I am trying to run a SQL query to find a 50th percentile in a table within a certain group, but then i am also grouping the result over the same field. Here is my query, for example over the tpch's nation table:
SELECT
regionkey,
PERCENTILE_CONT(0.5) WITHIN GROUP(ORDER BY regionkey)
FROM "tpch/nation"
GROUP BY regionkey
ORDER BY regionkey
Is this a valid query? I am trying to QA my code by running all kinds of different percentile queries. Postgres returns this result for the above query,:
regionkey | percentile_cont
-------------+-----------------
0 | 0
1 | 1
2 | 2
3 | 3
4 | 4
(5 rows)
But my question is in the real world, would someone would try to run such type of queries? I am new to aggregate functions, specially the percentile functions.

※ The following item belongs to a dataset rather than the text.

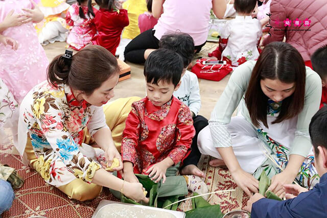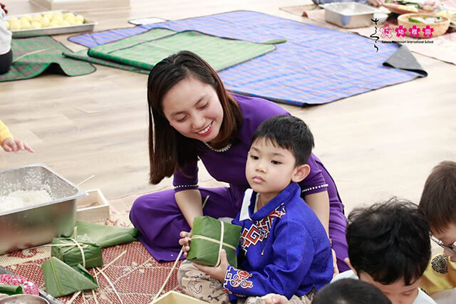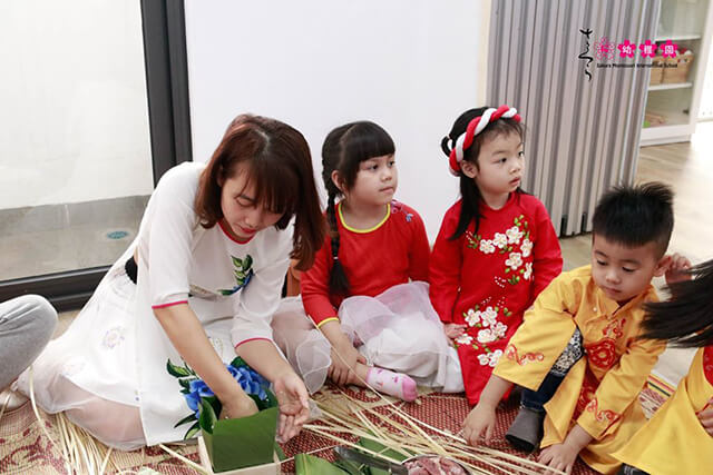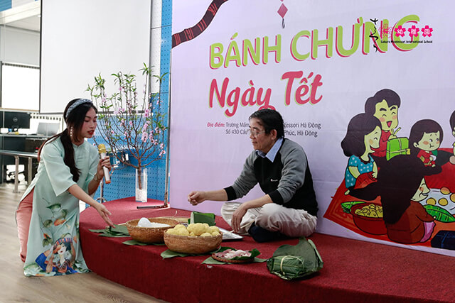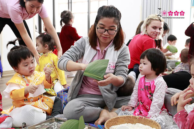 Để gìn giữ nét văn hóa này, vừa qua, Trường mầm non Sakura Montessori Hà Đông đã tổ chức sự kiện “ Bánh chưng ngày Tết”. Trong cái gió lạnh của mùa đông, ngồi quây quần bên nhau gói bánh và trông nồi bánh chưng vẫn luôn là một hình ảnh đẹp mà có lẽ bây giờ ít bạn nhỏ được trải nghiệm.
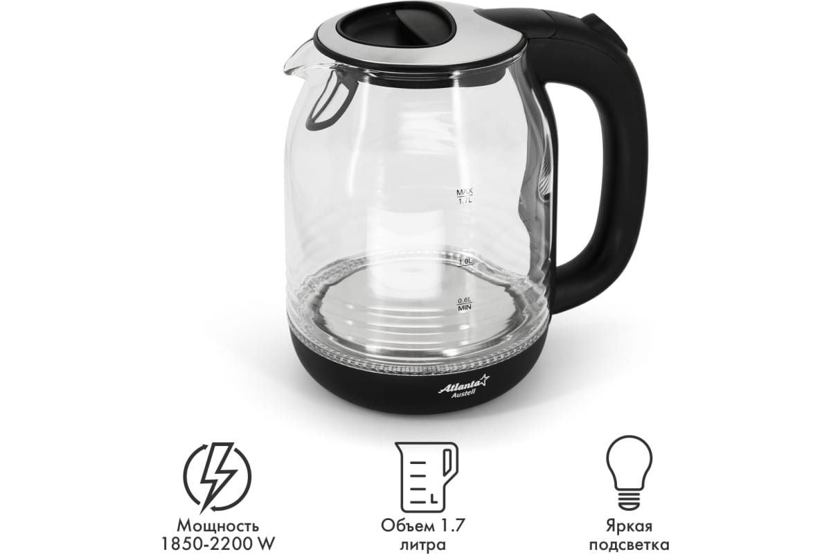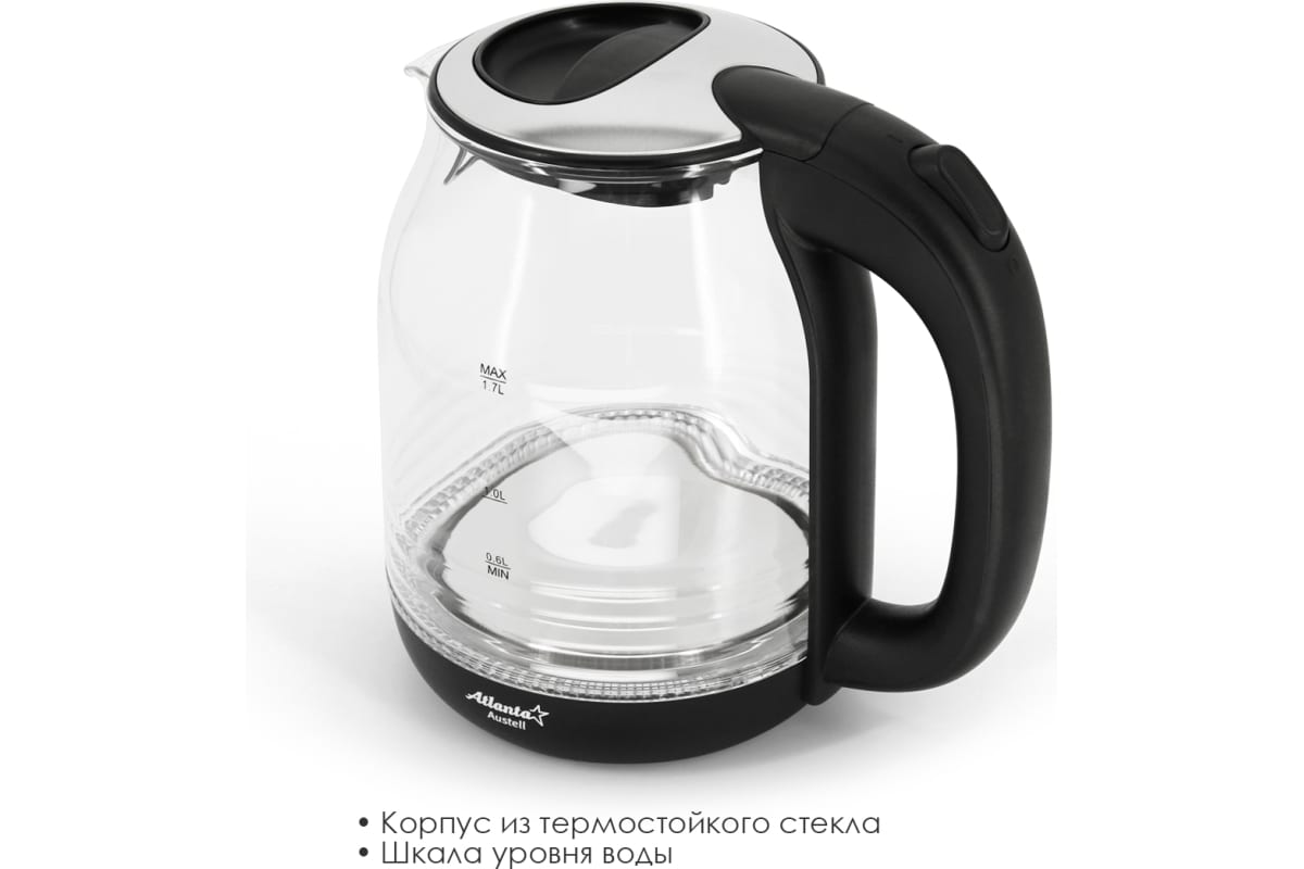 Стеклянный электрический чайник Atlanta ATH-2469 black предназначен для кипячения и подогрева воды.

You would use percentile_cont()
to get a percentage of some ordered value. For instance, if you had a population
column for the region, then you would calculate the median population as:
SELECT regionkey,
PERCENTILE_CONT(0.5) WITHIN GROUP (ORDER BY population)
FROM "tpch/nation"
GROUP BY regionkey
ORDER BY regionkey;
Using regionkey
in the ORDER BY
is non-sensical. Within each group, regionkey
has only one value. Hence, the PERCENTILE_CONT()
can only return that value.
However, it can be quite useful with almost any other column.